Why the Infutor Breach Is More Dangerous Than National Public Data: The Data Broker Multiplier
The 2024 National Public Data breach — which exposed 2.9 billion records — generated significant coverage, yet downstream identity fraud from that incident was lower than the scale suggested. The reason is data quality. NPD aggregated records from public sources, voter rolls, and court records with limited verification. Many records were duplicate, outdated, or contained partial SSNs. The Infutor dataset is structurally different.
Data brokers like Infutor are paid by insurance companies, mortgage lenders, and financial institutions specifically because their records are accurate and current. These companies run identity verification checks that depend on Infutor data being right. Every Infutor SSN in the dataset has been used for a real-world transaction within a system that required it to be valid. This means the Infutor dataset has an unusually high 'hit rate' for fraud: a random record from the Infutor dump is far more likely to enable successful identity fraud than a random record from a scraped compilation.
The [ShinyHunters McGraw-Hill breach](/blog/shinyhunters-mcgraw-hill-salesforce-breach-45-million) we covered previously exposed 13.5 million student and educator records — significant but bounded to a specific population. The Infutor dataset spans virtually every adult American who has participated in the formal financial system over the past several decades. The attack surface is not a company's customers — it is the American population itself.
The data broker ecosystem creates a structural amplification risk that individual breach notifications cannot address. Infutor sold this data to dozens of downstream buyers in insurance, finance, and real estate. Those buyers integrated it into their own systems. The Infutor exposure means that in addition to the direct BreachForums listing, criminal actors who purchase or inherit this data can use it to reverse-engineer downstream business datasets — a multiplier effect that extends the breach impact far beyond Infutor's own customer base.
Immediate Remediation: Seven Steps to Protect Your Identity After the Infutor Breach
Because the Infutor dataset contains SSNs that cannot be changed, remediation is not about reversing the exposure — it is about making the exposed data useless to fraudsters. The seven steps below represent the most effective personal mitigation actions available. None of them require waiting for Infutor or Verisk to issue a formal notification. Every US resident should complete these steps regardless of whether they believe they are specifically in the dataset.
Freeze your credit at all five bureaus — free and immediate
Place a security freeze at Equifax (equifax.com), Experian (experian.com/freeze), and TransUnion (transunion.com/credit-freeze). Also freeze at Innovis (innovis.com/personal/securityFreeze) and ChexSystems (chexsystems.com), used by banks for checking account applications. A freeze prevents new credit accounts from being opened in your name until you unfreeze. It costs nothing, does not affect your credit score, and is the single most effective action you can take. Save the PINs you receive — you will need them to temporarily lift the freeze for legitimate credit applications.

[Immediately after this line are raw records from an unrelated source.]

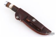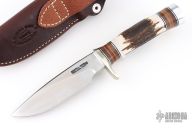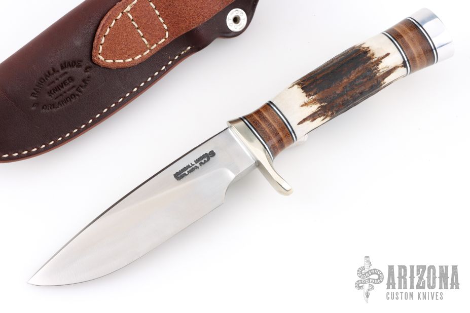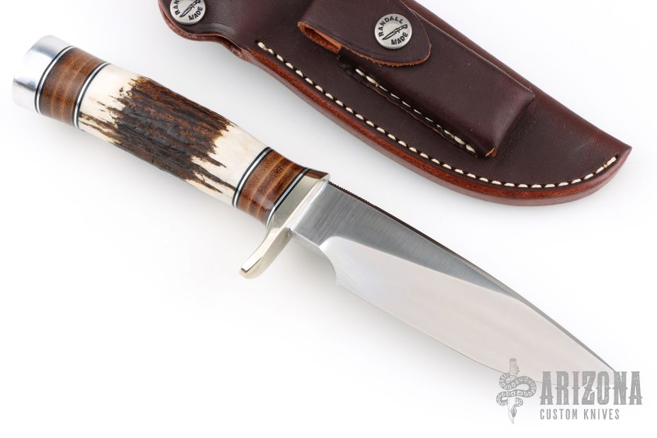 The Model 25-5 by Randall Made Knives is a drop point hunter similar to Model 11, but handle construction is reminiscent of 1930′s design. Excellent skinning, outdoors knife. This knife has a stainless steel blade with notched thumbrest, .236" blade stock and 1.338" blade depth, hidden tang construction. The handle nickel guard and duralumin pommel, stag grip with stacked leather, black and duralumin spacers. Comes with brown leather sheath and original paper wrapping. New from maker.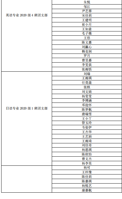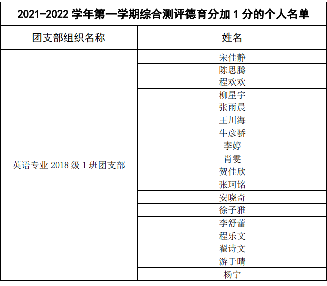 根据《小黄书 团委团支部评级办法(试行稿)》文件要求,小黄书 开展 2020-2021 学年第二学期团支部、团员积分考核评级:“学期内有两个月“青年大学习”主题团课学习记录,综合测评德育分加1 分”。经小黄书 团委组织部具体考核评定,报院团委审核批准,现将 2020-2021 学年第二学期综合测评德育分多加 1 分名单公示如下: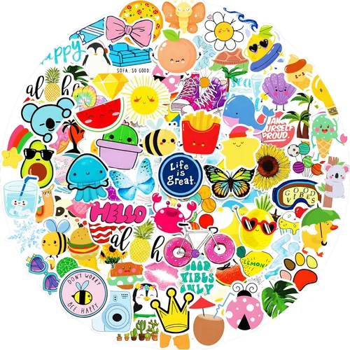 200 piezas de calcomanías de verano para niños, paquetes de calcomanías de vinilo estético para botellas de agua, laptop, computadora, monopatín,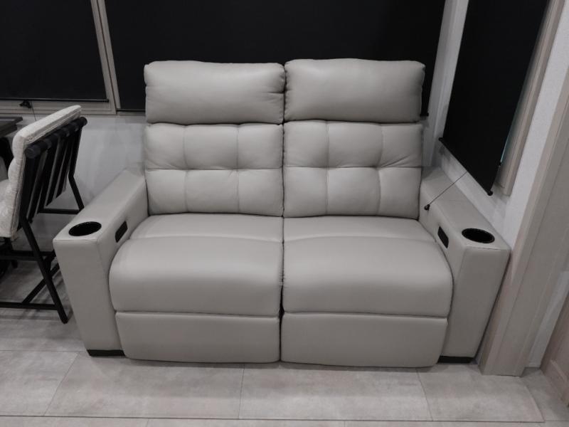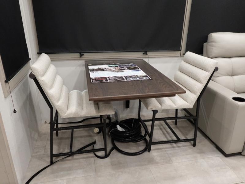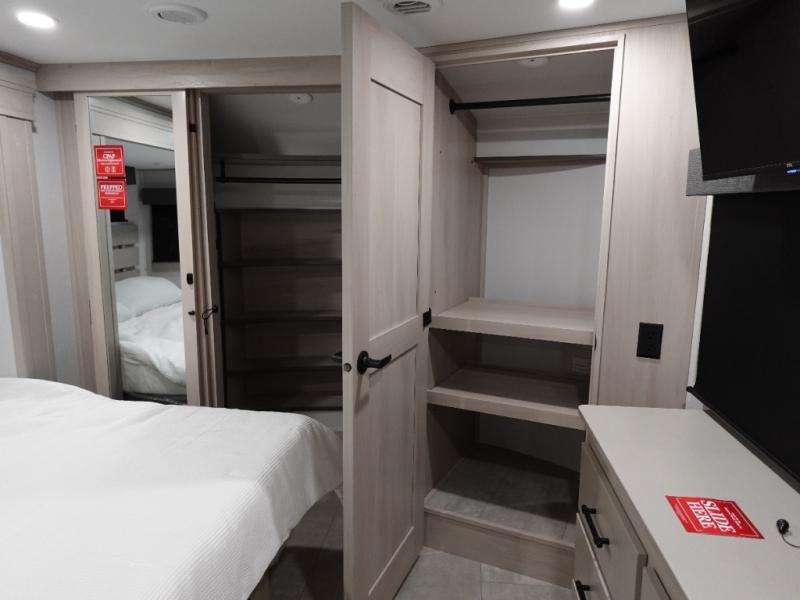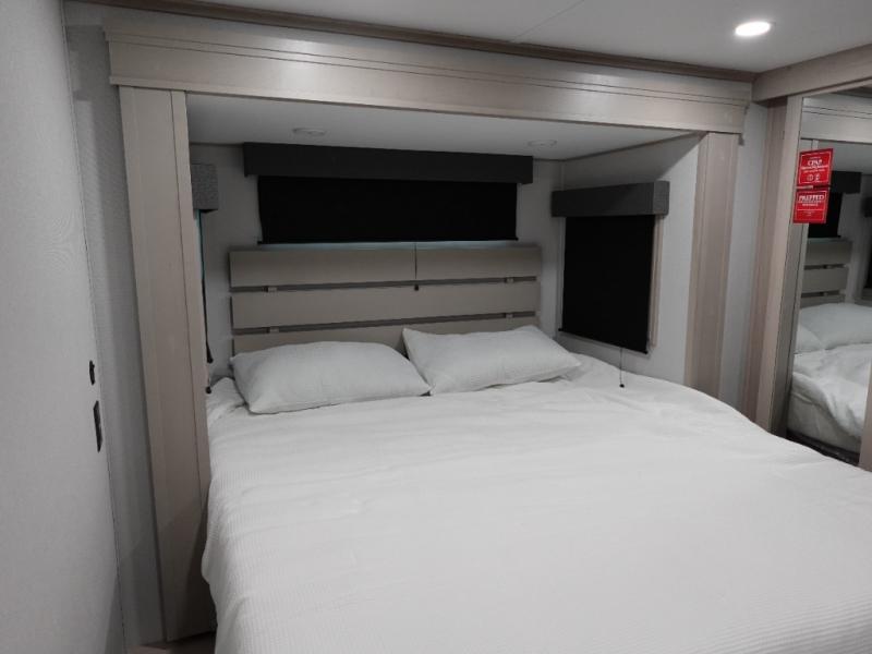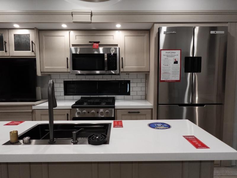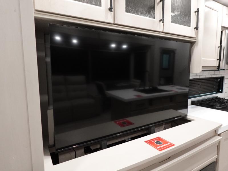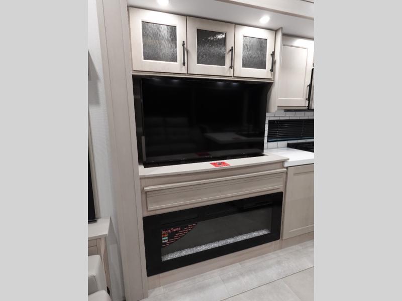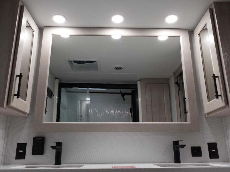 Are you looking to upgrade from a travel trailer to a fifth wheel? If so, this model will be perfect for you! Once you arrive at the campground, you can unload your gear from the pass-through storage, put out the two power awnings, then relax with a cold drink. Inside, you can kick your feet up on the theater seating, play a game at the free-standing dinette, or relax on the tri-fold sofa. The chef of your group will have a kitchen island with a Smart sink, dishwasher prep if you want the option to make cleaning up easier, plus a spacious 20 cu. ft. 12V refrigerator. There is also a built-in oven, plus a pantry and a hutch for storage galore! Having two bath sinks in the full bath is sure to be a big convenience when getting ready for bed, and the king bed slide out in the front bedroom will provide a great night's rest. You will also find a front wardrobe, a slide top dresser, plus washer/dryer prep!

Get an IRS Identity Protection PIN immediately
The IRS Identity Protection PIN program issues a 6-digit code that must accompany any tax return filed under your SSN. Without the correct PIN, a fraudulent return using your SSN is rejected. Apply at IRS.gov/identity-protection — the process requires identity verification but can be completed online. With a valid SSN and DOB from the Infutor dataset, a fraudster can file for your tax refund before you do. An IP PIN makes that impossible.
Create an SSA account at ssa.gov/myaccount
Creating your my Social Security account at ssa.gov/myaccount prevents anyone else from creating an account using your SSN. Once your account is established, review your earnings record annually — any earnings you did not record indicate someone is using your SSN for employment. An unexpected earnings entry is a major fraud signal requiring immediate action: contact the SSA fraud hotline at 1-800-269-0271.

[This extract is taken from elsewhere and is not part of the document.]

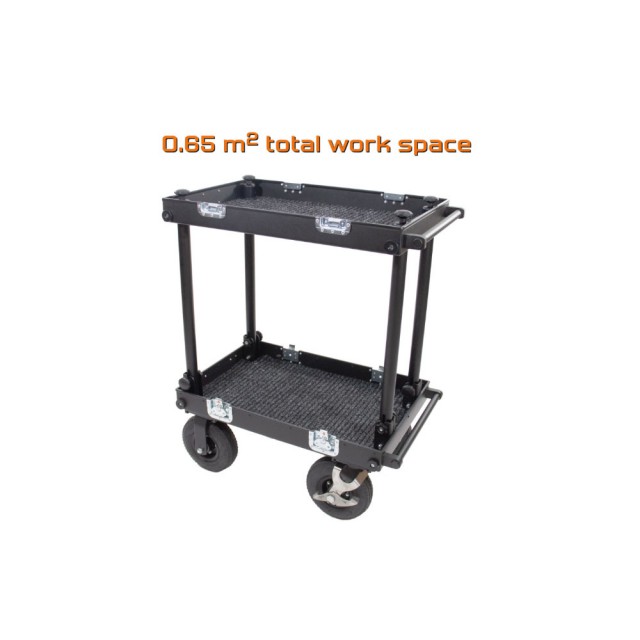 The SMARTONE MICRO double deck cart can be use to transport equipment or as a sound department cart. We applied durable materials to face the harsh on set conditions, tires are made from 4-layer gum placed on strong steel rims equipped with 2 manual foot brakes with force regulation for secure and save routing on most of surfaces, aluminum structure is lightweight and sustained enough to hold up to 200 kilograms, no tools required to attach of remove each wheel or any part of the cart what saves your time. SMARTONE MICRO is super easy to collapse and ready to use in less than 2 minutes. We developed a list of details which can improve the quality of usage like small transport wheels, props and deflects. Compact size allow the cart to transport easily all parts in one case. Only three from 220mm diameter wheels fits inside the collpased cart. We add a special bag to which you can fit the remaining wheel or all four wheels.

Request free weekly credit reports and set up monitoring
You are entitled to free weekly credit reports from all three major bureaus at AnnualCreditReport.com. Review each report for accounts you did not open, inquiries from companies you did not contact, and addresses you have not lived at. Set up free credit monitoring through your bank or credit card provider. Paid services like LifeLock, Aura, or IDShield offer dark web monitoring that can alert you when your SSN appears in newly indexed criminal datasets.
File a proactive FTC identity theft report at IdentityTheft.gov
Filing a report at IdentityTheft.gov before fraud occurs creates a documented baseline for your identity state. If fraud does occur, your report makes it easier to dispute fraudulent accounts and obtain extended fraud alerts. The FTC's report also generates a personalized recovery plan based on the specific fraud that occurs. Some creditors give higher priority to disputes backed by an existing FTC report.
Enroll in the E-Verify myE-Verify self-lock service
E-Verify is used by employers to confirm employment eligibility. The myE-Verify self-lock program at myeverify.uscis.gov allows you to lock your SSN in the E-Verify system, preventing anyone from using it to establish employment eligibility without your active participation. This directly counters the employment identity theft risk from the Infutor SSN exposure.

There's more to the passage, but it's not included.